## [TRY IT]
Beginning with the line that has "Far reaching views" and ending with the line that has "STEAL YOUR FACE, 2022, 48", retype the entries below exactly, except for the pictures.

## [DATA TO EXAMINE]
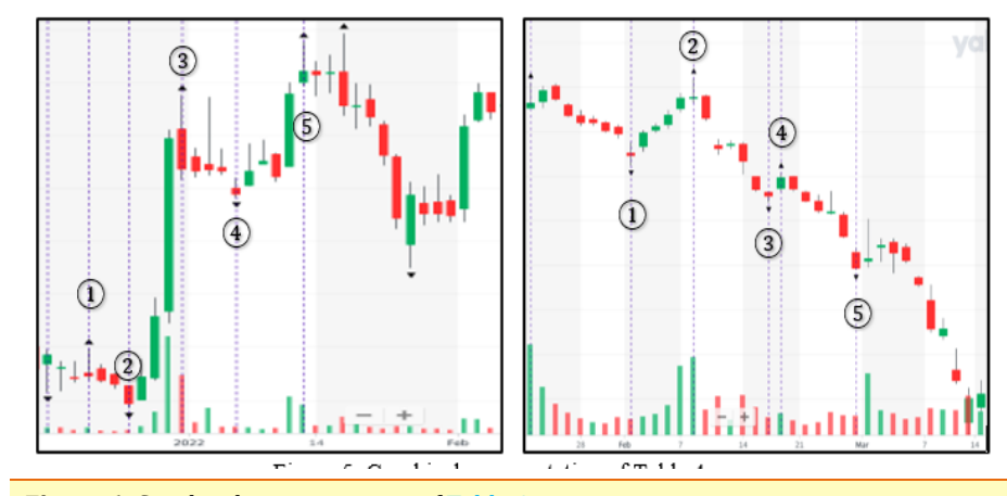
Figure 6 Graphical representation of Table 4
--
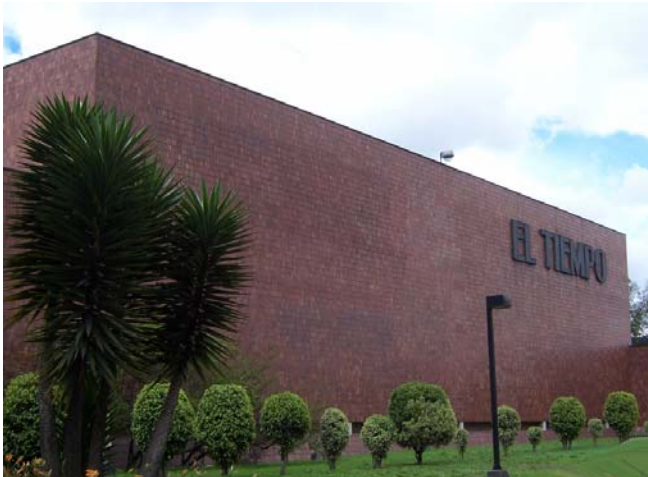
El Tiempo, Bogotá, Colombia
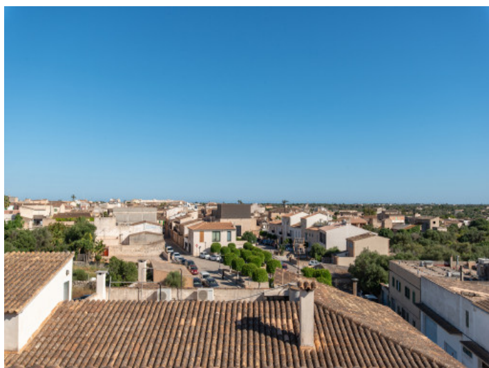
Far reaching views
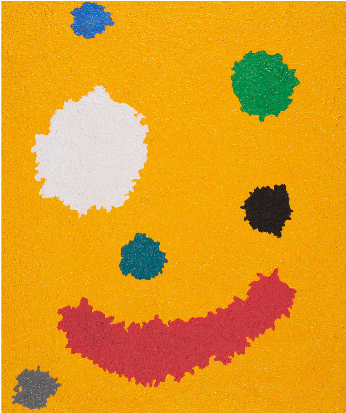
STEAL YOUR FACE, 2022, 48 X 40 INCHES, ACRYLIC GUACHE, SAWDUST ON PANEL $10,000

## [EXPECTED ANSWER]
Far reaching views
STEAL YOUR FACE, 2022, 48 X 40 INCHES, ACRYLIC GUACHE, SAWDUST ON PANEL $10,000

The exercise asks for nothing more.